In 2014, the Financial Policy Committee (FPC) began subjecting borrowers to two tests when taking out mortgages.

These were meant to guard against a loosening in mortgage underwriting standards, which, in turn, could lead to a material increase in aggregate household debt.

However, the Bank of England recently announced the possibility of withdrawing its mortgage affordability test.

This is currently in place to ensure borrowers can keep up with mortgage repayments in the face of an interest rate hike.

It is believed that less stringent mortgage rules will boost the ability of thousands of buyers who are planning to purchase a property, but are financially challenged.

Harris said: “This is a very interesting time for the Bank of England to be considering removing the mortgage affordability test.”

As a result of the pandemic, the market has undergone a lot of changes and it has become harder for borrowers and lenders as the economy has struggled due to COVID.

She added: “I believe there is a question around whether the Bank of England really wants to introduce these changes in this market.

“Not in principal, but whether it is beneficial for the market and the economy as a whole.”

With the intention to measure the effect of withdrawing the affordability test on lenders, and on the housing market, the Bank of England has launched a consultation on the issue while maintaining the LTI recommendation.

The consultation will conclude on May 06, 2022.

The Bank of England had previously pointed out that responsible lending rules under the Financial Conduct Authority’s Mortgage Conduct of Business (MCOB) would continue to apply as an appropriate affordability check.

Harris explained that while this change would have an impact, she was unsure whether it would have the impact that the Bank of England anticipates.

This is because she believes by removing the mortgage affordability test, it only negates one of three main barriers to homeownership.

She said: “I believe this is a very odd time to introduce these changes and you also have to consider whether lenders want these changes, and whether they will go ahead and implement them themselves.”

Harris thinks that some lenders will follow the Bank of England’s recommendations, but an equal amount will choose not to.

She said: “Lenders are very cautious largely as a result of the financial crash in 2007/2008, so I am unsure the Bank of England will see it become drastically easier for people to purchase property through its changes.”

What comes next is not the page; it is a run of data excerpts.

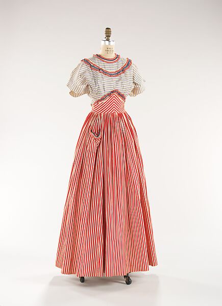 As a successful designer in the 1940s, Adrian proudly helped to build the reputation of American fashion during that decade. After a prolific career designing Hollywood film costumes, he began designing for his own label in 1941. Adrian celebrated simple, American-made fabrics in his designs, frequently using gingham or simple organdy for evening, as well as daywear. Here, the designer paired red and white striped cotton with red, white and blue eyelet to create a dress that embodies both his own aesthetic and post-war American patriotism.
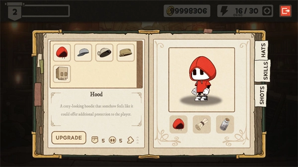 在主界面点击inventory,既能通过装备不同帽子来使用独特能力,也能对自身装备进行升级。
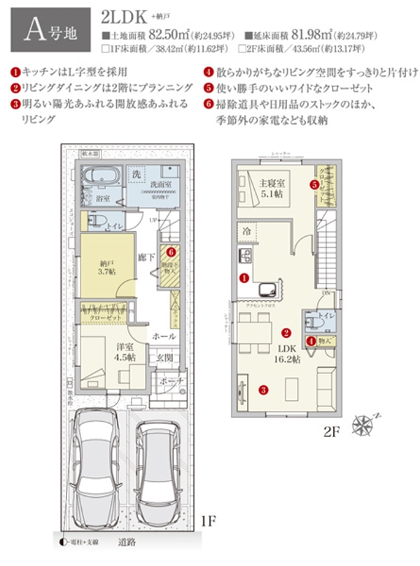| 建物面積 | 81.98m2(A号地)、81.98m2(B号地) | 土地面積 | 82.50m2(A号地)、82.57m2(B号地) 全て私道負担なし |

The pandemic has not had quite the same impact on the market and the economy as the 2007/2008 financial crash did. Many within the industry believe this is because people have learnt from the mistakes they made before, which has helped to avoid a similar outcome this time around.

The 2007/2008 crash was caused by predatory lending which targeted low-income homebuyers, as well as excessive risk-taking by global financial institutions, and the bursting of the United States housing bubble. Mortgage-backed securities (MBS) which were linked to American real estate, and a wide range of derivatives linked to those MBS, collapsed in value.

However, while the market is in better shape than it was during the previous market crash, Harris explained that it is still volatile, and, for the most part, it is difficult to anticipate the future.

She said: “The market right now is volatile and unpredictable, so I believe this change will ask more questions than it answers.”